Stored data:
>>>

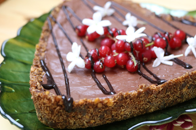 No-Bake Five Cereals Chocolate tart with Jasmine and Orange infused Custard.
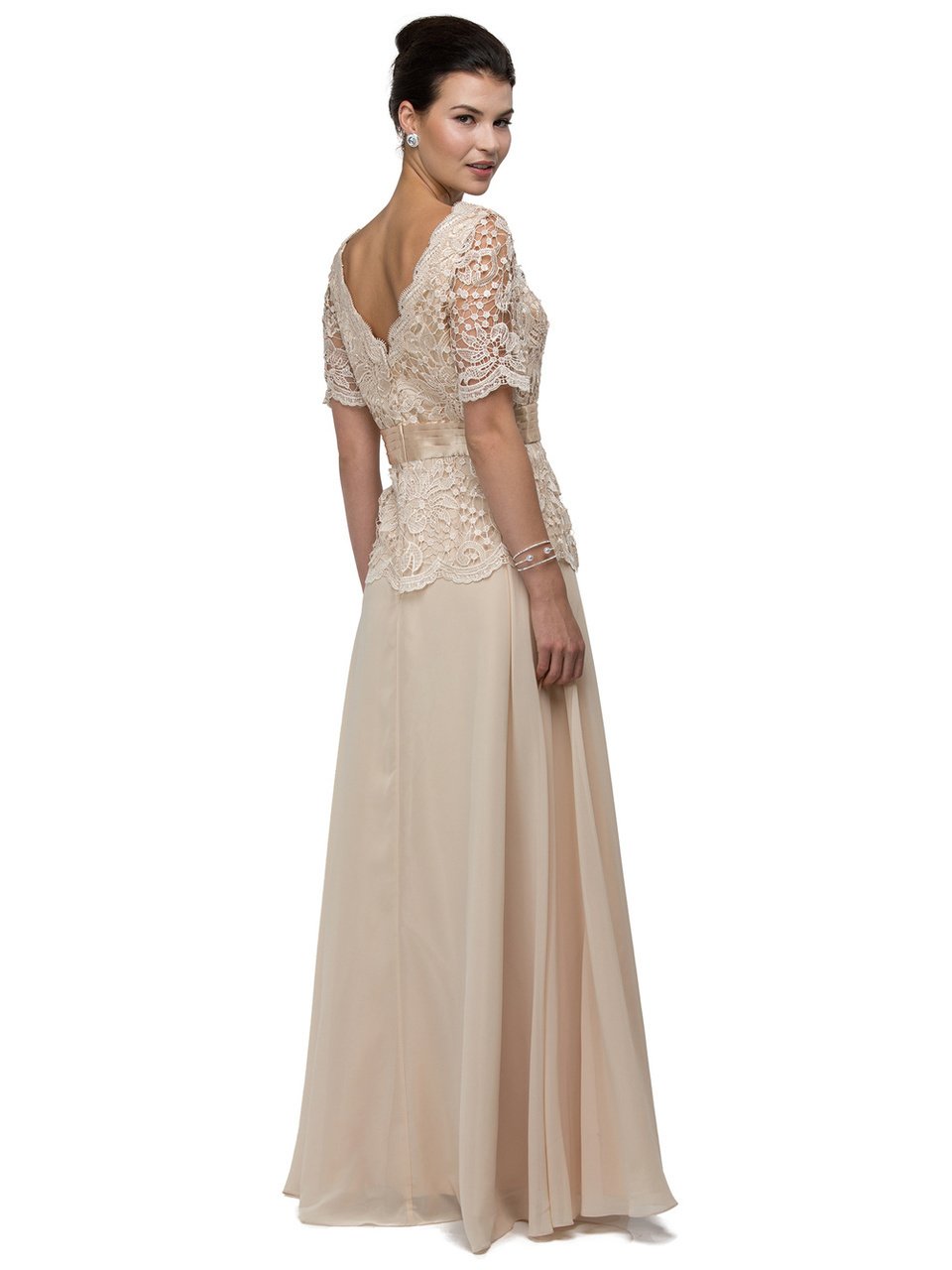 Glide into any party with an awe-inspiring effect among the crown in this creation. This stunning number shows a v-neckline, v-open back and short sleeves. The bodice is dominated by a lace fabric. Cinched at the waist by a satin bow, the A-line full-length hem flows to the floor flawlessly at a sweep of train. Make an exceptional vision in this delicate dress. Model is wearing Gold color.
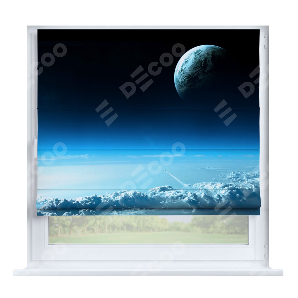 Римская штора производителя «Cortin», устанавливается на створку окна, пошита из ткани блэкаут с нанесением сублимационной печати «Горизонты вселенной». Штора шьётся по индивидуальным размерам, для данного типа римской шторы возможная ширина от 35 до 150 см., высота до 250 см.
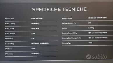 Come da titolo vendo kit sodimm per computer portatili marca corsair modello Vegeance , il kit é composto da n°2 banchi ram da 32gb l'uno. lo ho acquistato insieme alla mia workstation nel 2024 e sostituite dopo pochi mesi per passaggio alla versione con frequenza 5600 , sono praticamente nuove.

<<<
>>>

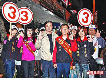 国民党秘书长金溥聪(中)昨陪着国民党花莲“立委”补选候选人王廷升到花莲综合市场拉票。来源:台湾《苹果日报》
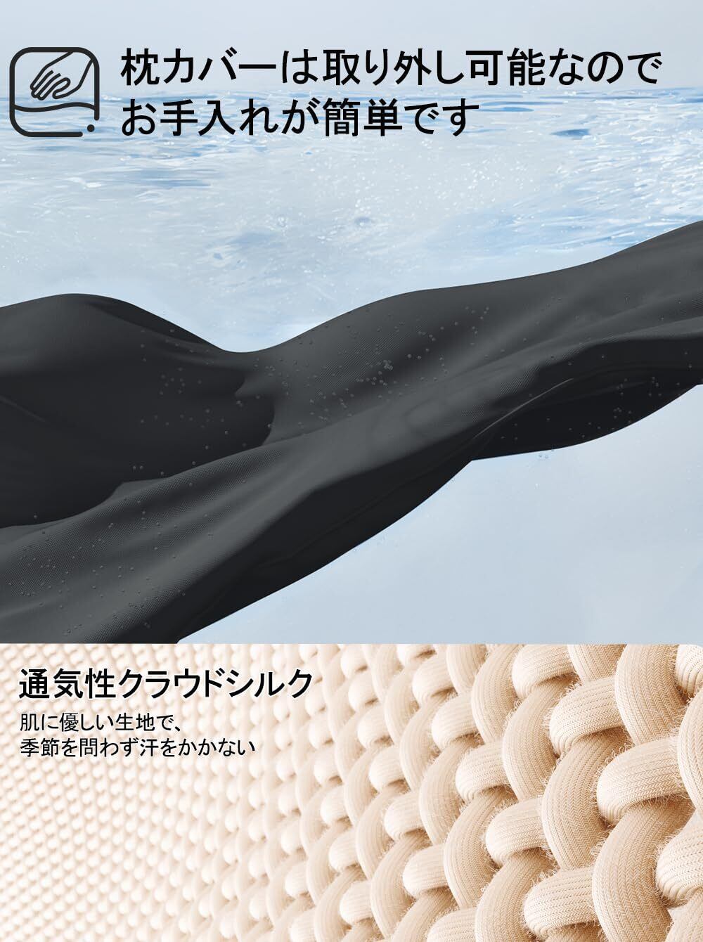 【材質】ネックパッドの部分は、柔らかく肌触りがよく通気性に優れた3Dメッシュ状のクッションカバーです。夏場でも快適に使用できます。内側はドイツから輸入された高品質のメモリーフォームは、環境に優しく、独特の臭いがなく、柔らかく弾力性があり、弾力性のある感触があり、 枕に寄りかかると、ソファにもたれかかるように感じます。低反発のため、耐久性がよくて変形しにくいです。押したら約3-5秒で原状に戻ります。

<<<

Exercise details:
Could you write out exactly the lines of the data above that run from the one holding "No-Bake Five Cereals" to the one holding "Glide into any", with both ends in and all pictures out?

Solution for this task:
 No-Bake Five Cereals Chocolate tart with Jasmine and Orange infused Custard.
 Glide into any party with an awe-inspiring effect among the crown in this creation. This stunning number shows a v-neckline, v-open back and short sleeves. The bodice is dominated by a lace fabric. Cinched at the waist by a satin bow, the A-line full-length hem flows to the floor flawlessly at a sweep of train. Make an exceptional vision in this delicate dress. Model is wearing Gold color.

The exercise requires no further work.